Exactly as written, please repeat the data that follows, but not the pictures.

▶ **AVAILABLE DATA**:
****

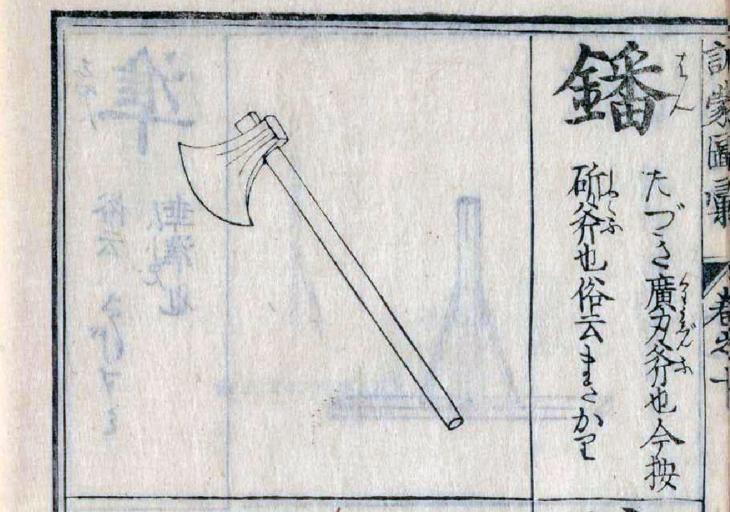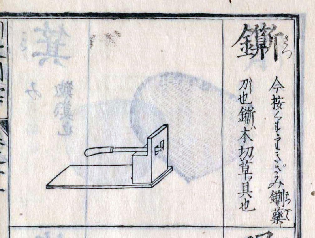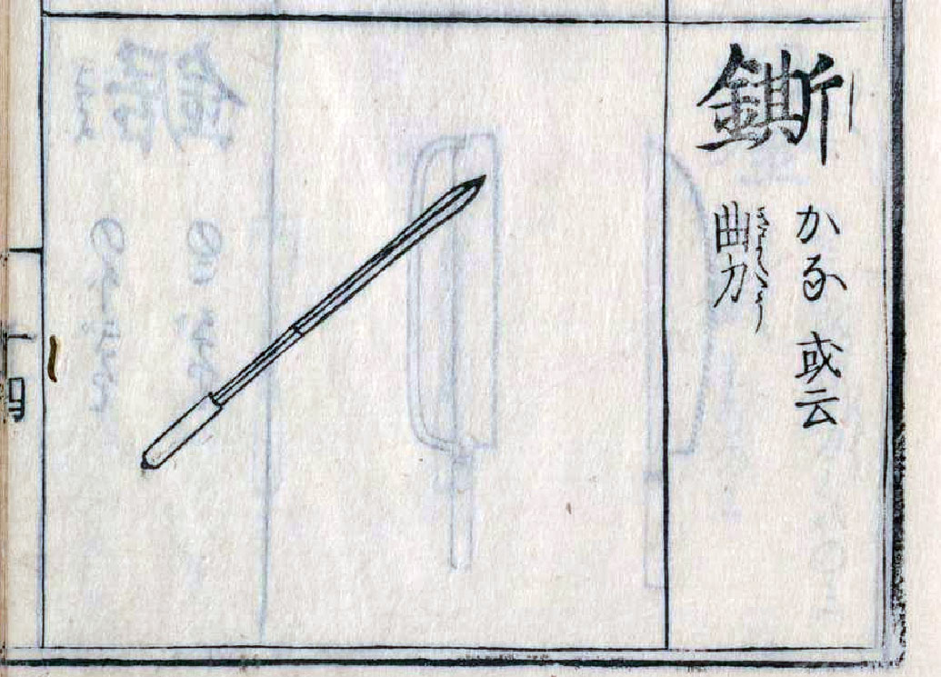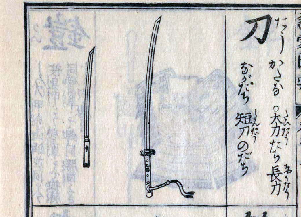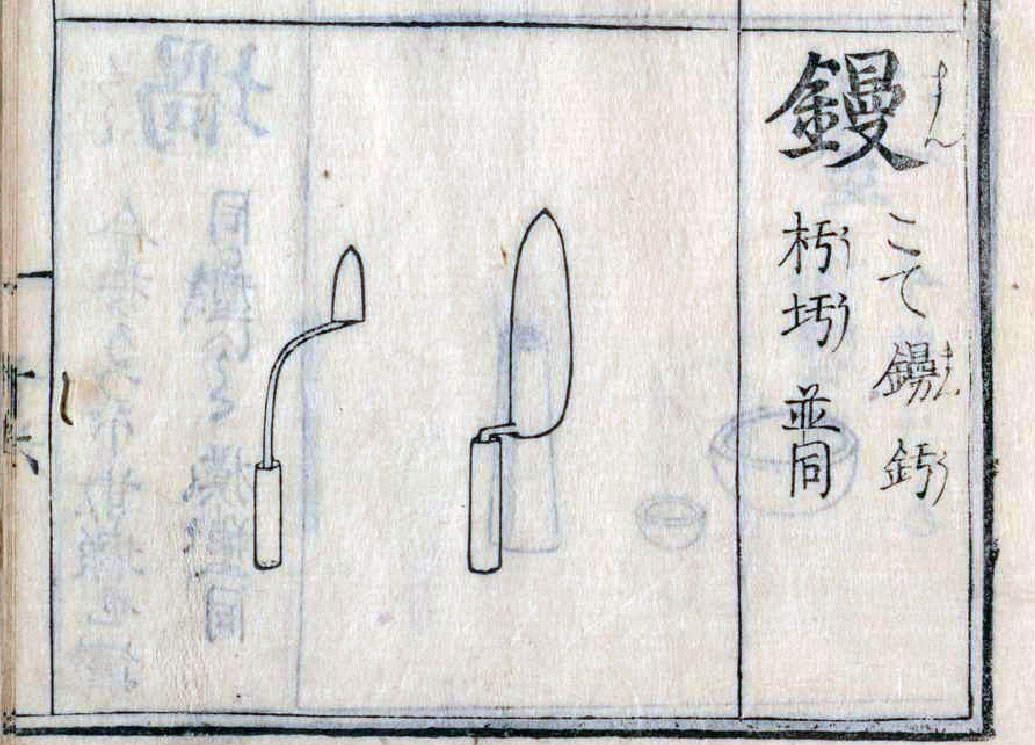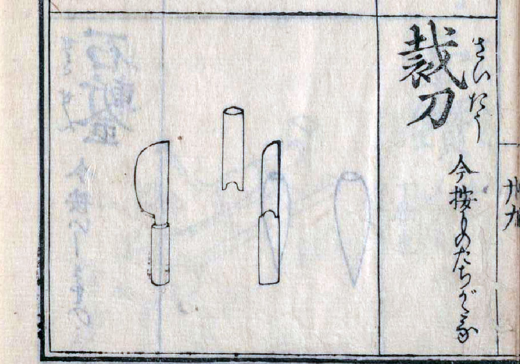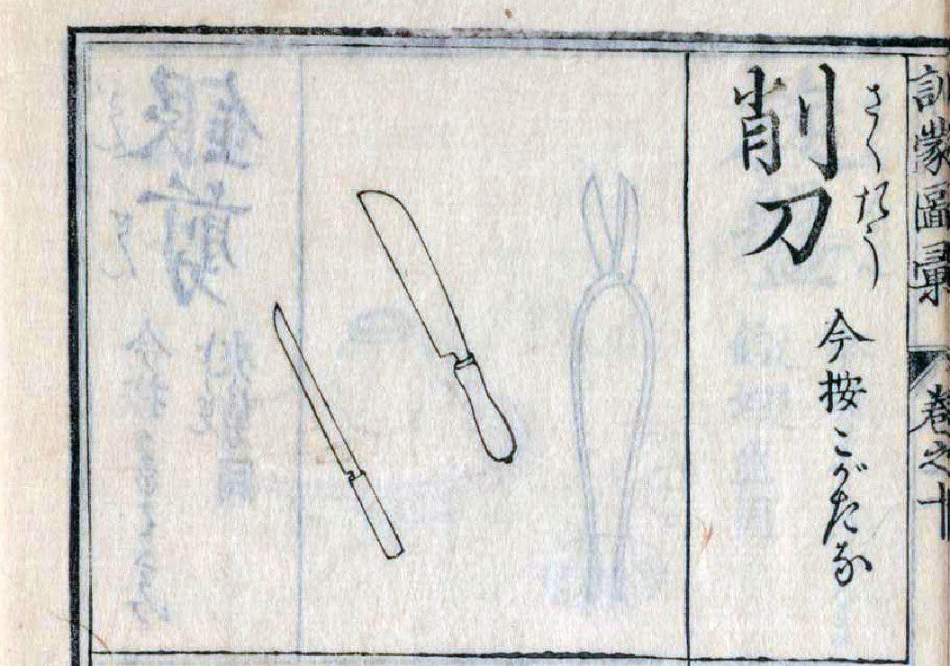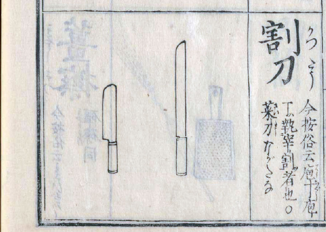 今按ずるに俗に云う、庖丁。庖丁は宰を執る者也。菜刀、ながたな。
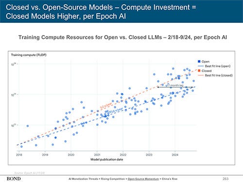 Which is better: Open-source AI or closed? That’s an ongoing debate in technology, but according to Meeker’s report, when it comes to where more computing resources are being devoted, closed models have the advantage. There’s a 17-month lag between closed and open models, meaning that the latter typically could achieve a similar level of compute intensity about 17 months after their closed-source counterparts. Moreover, closed models are said to have a steeper growth rate in compute (5.2x per year) compared to their open-source peers (3.6x per year).
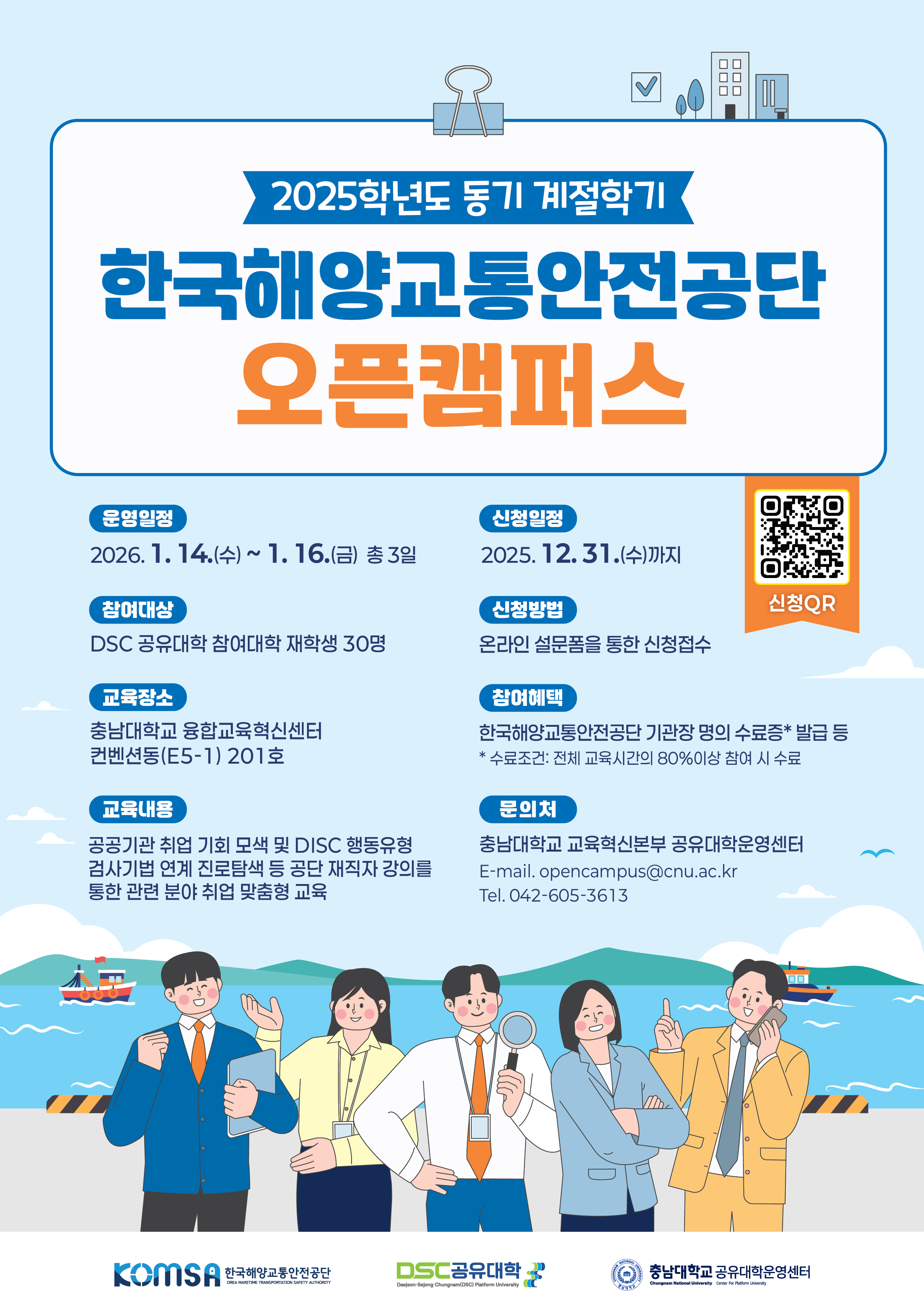 | 제목 | 2025학년도 동기 계절학기 한국해양교통안전공단 오픈캠퍼스 참여자 모집 안내 | ||||

****

▶ **SOLUTION FOR THIS TASK**:
 今按ずるに俗に云う、庖丁。庖丁は宰を執る者也。菜刀、ながたな。
 Which is better: Open-source AI or closed? That’s an ongoing debate in technology, but according to Meeker’s report, when it comes to where more computing resources are being devoted, closed models have the advantage. There’s a 17-month lag between closed and open models, meaning that the latter typically could achieve a similar level of compute intensity about 17 months after their closed-source counterparts. Moreover, closed models are said to have a steeper growth rate in compute (5.2x per year) compared to their open-source peers (3.6x per year).
 | 제목 | 2025학년도 동기 계절학기 한국해양교통안전공단 오픈캠퍼스 참여자 모집 안내 | ||||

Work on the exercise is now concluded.